She smiled in a forlorn sort of way, with her upper lip drawn tight against her teeth, as if someone were pulling her back by the lobes of her ears.
“Oh! but Trilby—what shall we do without you? Taffy and I, you know! You’ve become one of us!”
“Now how good and kind of you to say that!” exclaimed poor Trilby, her eyes filling. “Why, that’s just all I lived for, till all this happened. But it can’t be any more now, can it? Everything is changed for me—the very sky seems different. Ah! Durien’s little song—’Plaisir d’amour—chagrin d’amour!’ it’s all quite true, isn’t it? I shall start immediately, and take Jeannot with me, I think.”

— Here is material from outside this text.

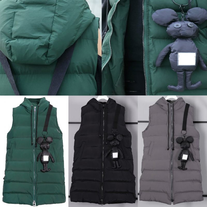 Casual Grön Dunjacka Plus Size Parkas Med Dragkedja Med Huva Ärmlös Djuröverrock

“But where do you think of going?”
“Ah! I mayn’t tell you that, Sandy dear—not for a long time! Think of all the trouble there’d be—Well, there’s no time to be lost. I must take the bull by the horns.”
She tried to laugh, and took him by his big side-whiskers and kissed him on the eyes and mouth, and her tears fell on his face.

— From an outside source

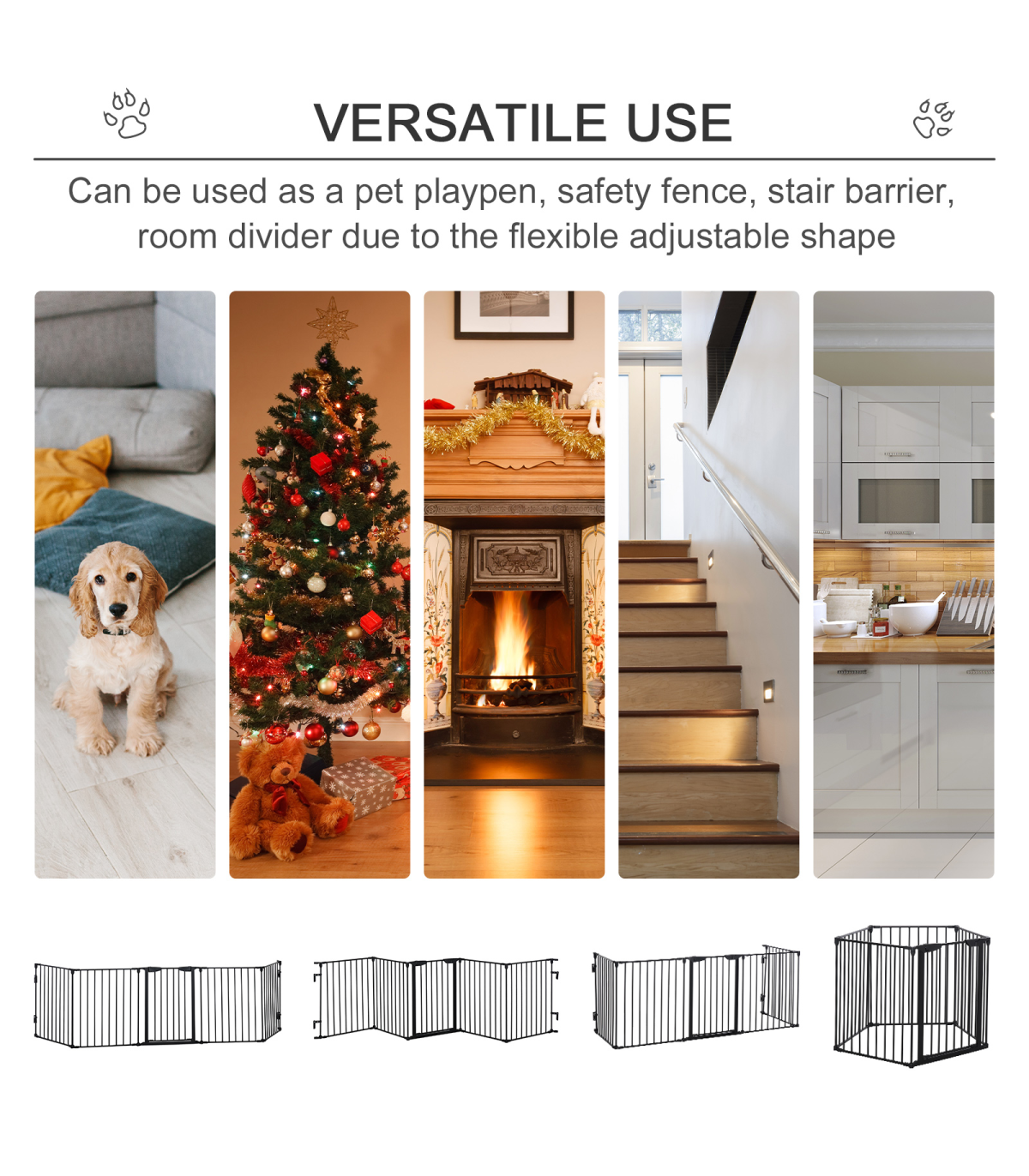 Pet Gate 5-Panel Dog Playpen for Indoor Stair Barrier W/ Walk Through Door Black

Then, feeling unable to speak, she nodded farewell, and walked quickly up the narrow winding street. When she came to the first bend she turned round and waved her hand, and kissed it two or three times, and then disappeared.
The Laird stared for several minutes up the empty thoroughfare—wretched, full of sorrow and compassion. Then he filled himself another pipe and lit it, and hitched himself on to another post, and sat there dangling his legs and kicking his heels, and waited for the Bagots’ cab to depart, that he might go up and face the righteous wrath of Taffy like a man, and bear up against his bitter reproaches for cowardice and desertion before the foe.
Next morning Taffy received two letters: one, a very long one, was from Mrs. Bagot. He read it twice over, and was forced to acknowledge that it was a very good letter—the letter of a clever, warmhearted woman, but a woman also whose son was to her as the very apple of her eye. One felt she was ready to flay her dearest friend alive in order to make Little Billee a pair of gloves out of the skin, if he wanted a pair; but one also felt she would be genuinely sorry for the friend. Taffy’s own mother had been a little like that, and he missed her every day of his life.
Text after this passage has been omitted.